* Data below *
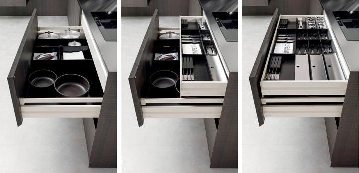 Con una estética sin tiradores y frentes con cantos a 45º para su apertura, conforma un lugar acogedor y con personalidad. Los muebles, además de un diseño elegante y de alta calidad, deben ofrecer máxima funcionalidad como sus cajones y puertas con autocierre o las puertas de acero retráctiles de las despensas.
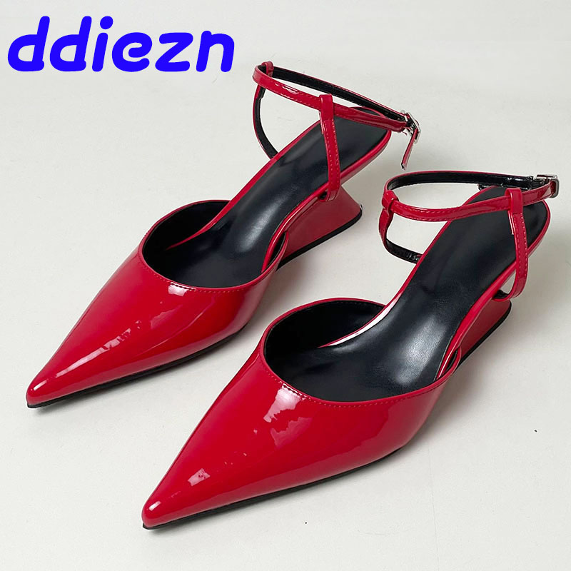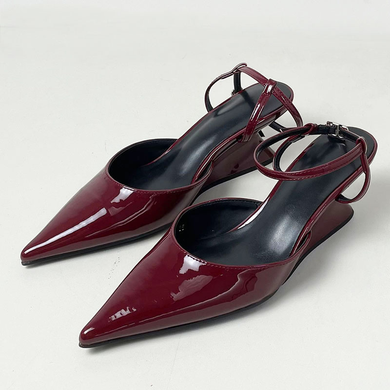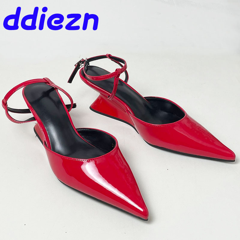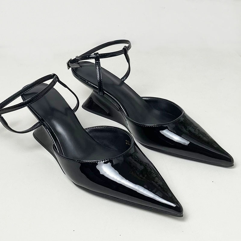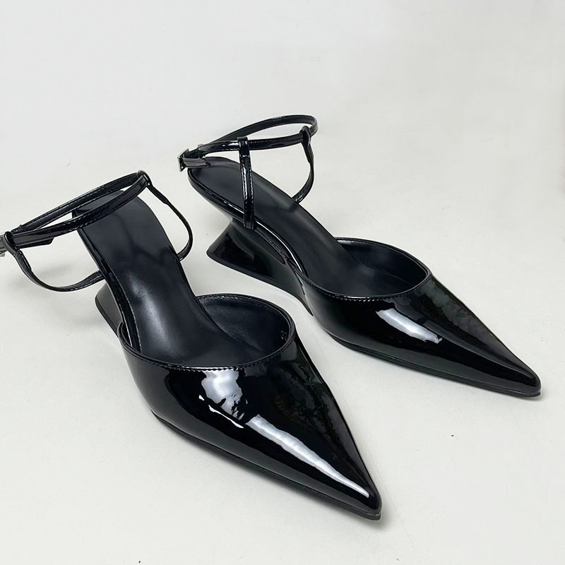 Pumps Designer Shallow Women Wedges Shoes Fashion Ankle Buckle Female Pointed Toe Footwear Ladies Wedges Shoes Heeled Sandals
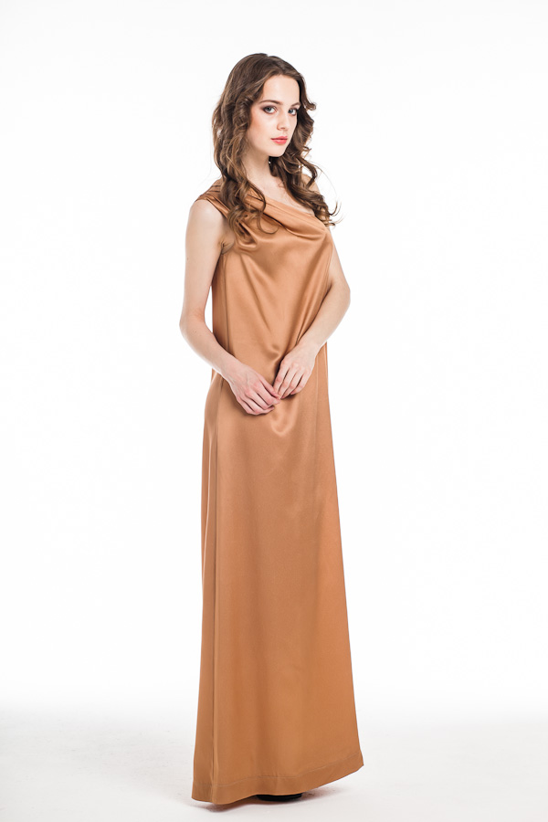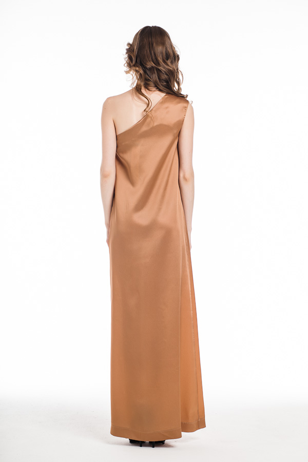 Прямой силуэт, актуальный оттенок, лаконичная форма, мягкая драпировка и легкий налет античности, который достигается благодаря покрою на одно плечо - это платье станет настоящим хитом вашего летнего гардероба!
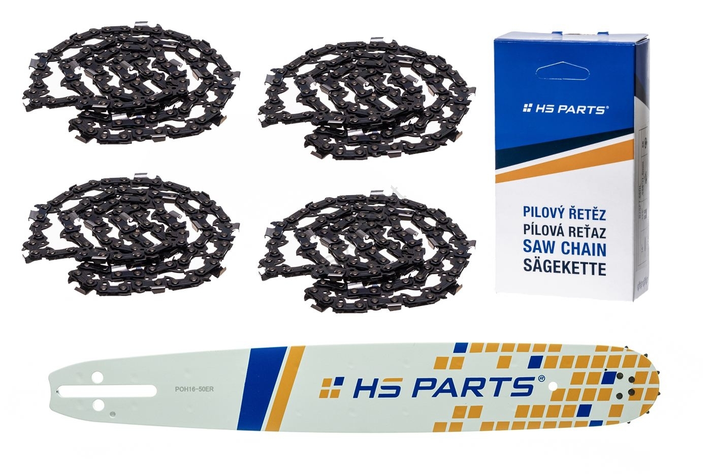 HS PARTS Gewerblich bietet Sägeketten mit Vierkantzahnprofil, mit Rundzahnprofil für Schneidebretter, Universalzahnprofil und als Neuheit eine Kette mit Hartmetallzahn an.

* Assignment *
Would you retype all the lines shown above, exactly as written and without any picture?

* Answer to this problem *
 Con una estética sin tiradores y frentes con cantos a 45º para su apertura, conforma un lugar acogedor y con personalidad. Los muebles, además de un diseño elegante y de alta calidad, deben ofrecer máxima funcionalidad como sus cajones y puertas con autocierre o las puertas de acero retráctiles de las despensas.
 Pumps Designer Shallow Women Wedges Shoes Fashion Ankle Buckle Female Pointed Toe Footwear Ladies Wedges Shoes Heeled Sandals
 Прямой силуэт, актуальный оттенок, лаконичная форма, мягкая драпировка и легкий налет античности, который достигается благодаря покрою на одно плечо - это платье станет настоящим хитом вашего летнего гардероба!
 HS PARTS Gewerblich bietet Sägeketten mit Vierkantzahnprofil, mit Rundzahnprofil für Schneidebretter, Universalzahnprofil und als Neuheit eine Kette mit Hartmetallzahn an.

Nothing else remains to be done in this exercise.